HOW TO COMPLETE THIS TASK: Reproduce the records below exactly from their first line through the line containing "黄色網掛け部分がGTX970のスペックとなります。", omitting all pictures.

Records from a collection

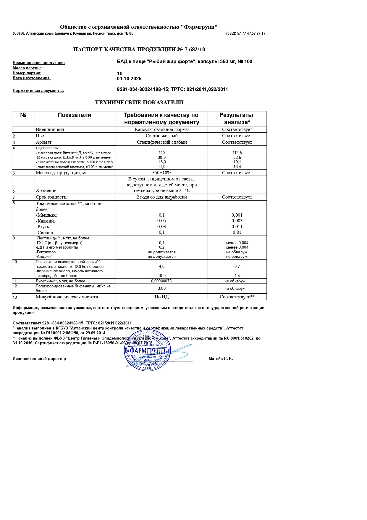 Рыбий жир форте. Рекомендуется в качестве дополнительного источника витамина Д, полиненасыщенных жирных кислот Омега-3....
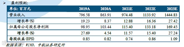 基于以上观点,我们预计公司2021-2023年的营业收入分别为9.74亿元、11.34亿元和14.45亿元,归母净利润分别为1.15亿元、1.33亿元及1.69亿元,EPS分别为0.74元、0.86元、1.09元,当前股价分别对应69倍、60倍及47倍PE。
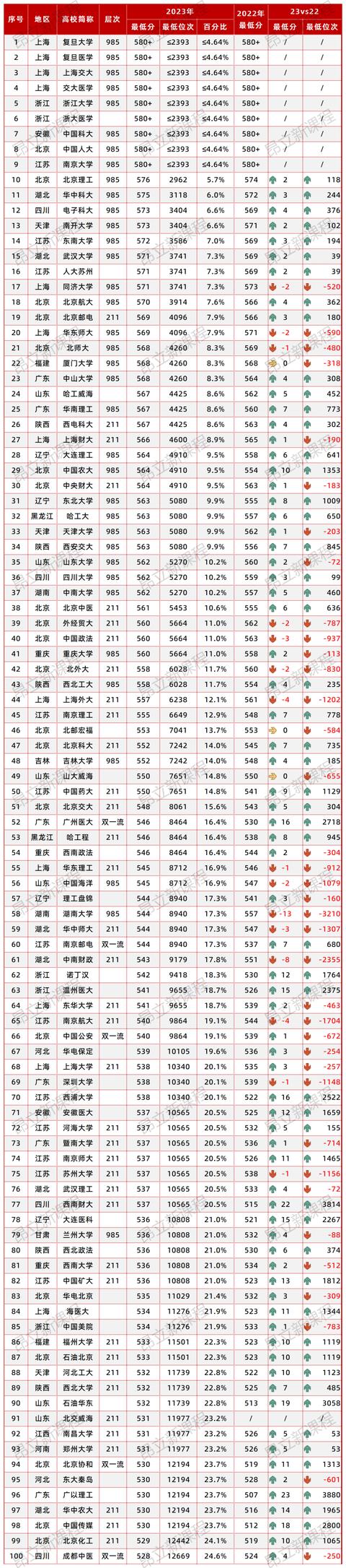 TOP100高校分数线排名!哪所学校强势攀升?哪所学校前景可观?
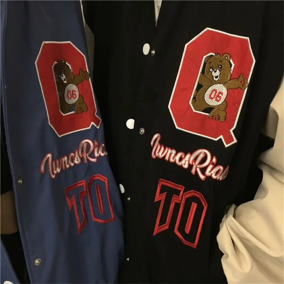 Женская винтажная бейсбольная куртка, свободная куртка большого размера в Корейском стиле, с надписью медведя, весна 2021
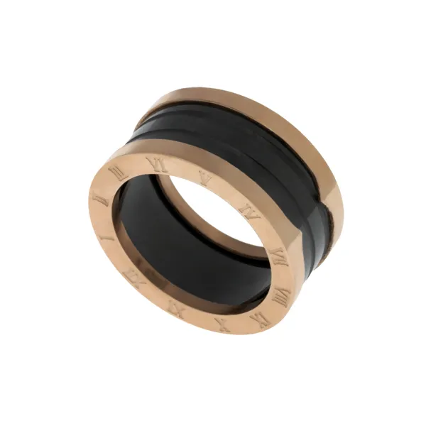 γυναικείο δαχτυλίδι από ανοιξείδωτο ατσάλι με ροζ χρυσό και μαύρο όνυχα
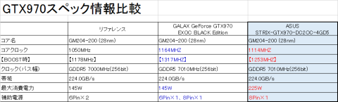黄色網掛け部分がGTX970のスペックとなります。
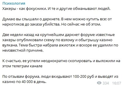 Какой-нибудь беглый работник казино, гениальный хакер или студент — первооткрыватель с большим и добрым сердцем готов бесплатно поделиться выигрышными комбинациями в канале. Кстати каналы все на одно лицо, представлены стратегии игры и горы отзывов, естественно фейки. Про схемы выигрыша в казино я уже писал, при любом итоге вам ничего не дадут вывести из казино, вы только сольете деньги. Админы таких каналов п
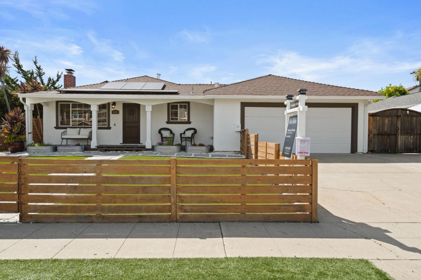 Exquisite move-in ready single-story home! Open floor plan seamlessly connects the living, kitchen, & family rooms. Perfect for entertaining. Remodeled kitchen shines as the heart of the home. Sleek, modern cabinetry, new SS professional grade appliances & sprawling island w/easy to maintain porcelain slab counters, seating, and drawers. New stylish luxury vinyl installed in all living areas. 1 yr warranty on all renovations. Primary bedroom w/spa-like ensuite & generous closet with custom organizers. 2 guest beds are bright & large w/sizable closets w/organizers. Updated guest bath w/vessel sinks, sophisticated marble counters & stylish vanity. Large soaking tub & walk-in shower are perfect for relaxing. Versitile garage conversion provides a private bedroom & living space. Perfect set up for guests w/a coffee bar w/sink, wine fridge & cabinets. Could also be used as a home office, entertainment room, or gym. Backyard oasis w/drought tolerant landscaping, artificial turf, a large patio w/ample space for dining. Pristine pool & outdoor shower provide hours of endless fun. Large size yard perfect for storage sheds, RV's or more parking. Updated electrical panel, owned solar, EV charging station. Walk to parks & top schools. Close to fwys, farmers markets & restaurants.
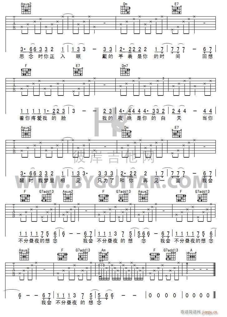 [吉他谱]最想念你-认证谱吉他谱( 六线谱)- 未知
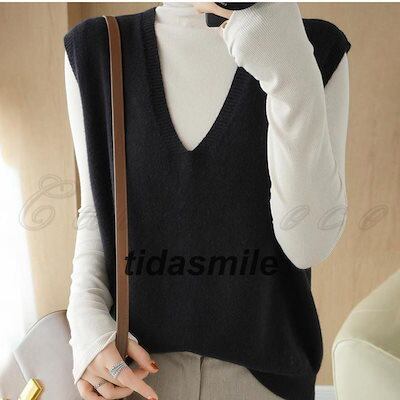 ニットベスト レディース ベストセーター 無地 Vネック ノースリーブ トップス カジュアル コーデ 暖かい ゆったり シンプル 春秋冬 おしゃれ
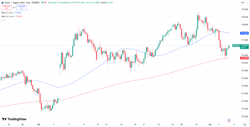 EUR/JPY paritesi, Çarşamba günü 176,50 civarında dengelenerek günü %0,10 artışla geçiriyor. Gün içinde 175,70 seviyesine kadar gerileyerek son iki haftanın en düşük seviyesini görmüştü. Bu düşüşte, küresel piyasalarda artan riskten kaçış eğilimiyle birlikte yatırımcıların güvenli liman olarak Japon Yeni’ne yönelmesi etkili oldu.
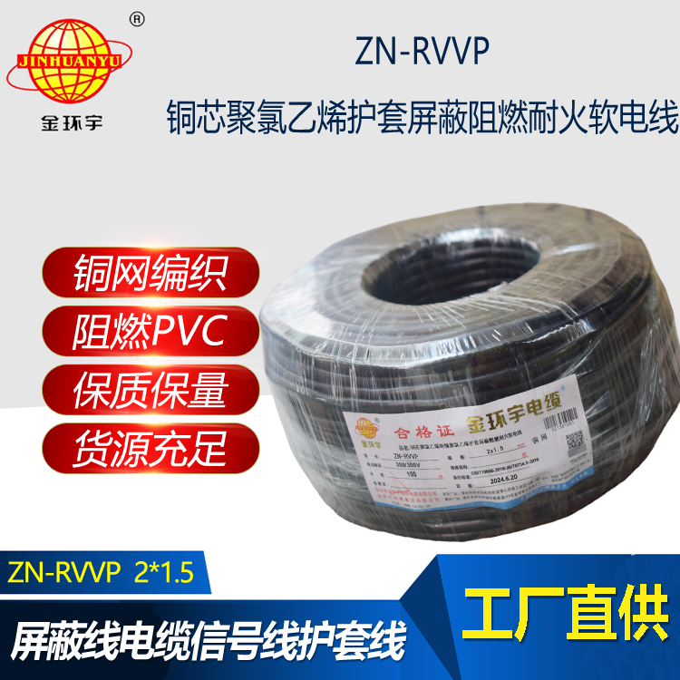 金環宇電線電纜 雙芯屏蔽阻燃耐火軟電纜ZN-RVVP 2X1.5平方 rvvp電纜
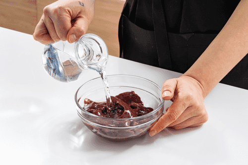 Очистить печень от пленок и слизи. Положить в миску с холодной водой на 15 минут.

RESULT FOR THIS TASK:
 Рыбий жир форте. Рекомендуется в качестве дополнительного источника витамина Д, полиненасыщенных жирных кислот Омега-3....
 基于以上观点,我们预计公司2021-2023年的营业收入分别为9.74亿元、11.34亿元和14.45亿元,归母净利润分别为1.15亿元、1.33亿元及1.69亿元,EPS分别为0.74元、0.86元、1.09元,当前股价分别对应69倍、60倍及47倍PE。
 TOP100高校分数线排名!哪所学校强势攀升?哪所学校前景可观?
 Женская винтажная бейсбольная куртка, свободная куртка большого размера в Корейском стиле, с надписью медведя, весна 2021
 γυναικείο δαχτυλίδι από ανοιξείδωτο ατσάλι με ροζ χρυσό και μαύρο όνυχα
黄色網掛け部分がGTX970のスペックとなります。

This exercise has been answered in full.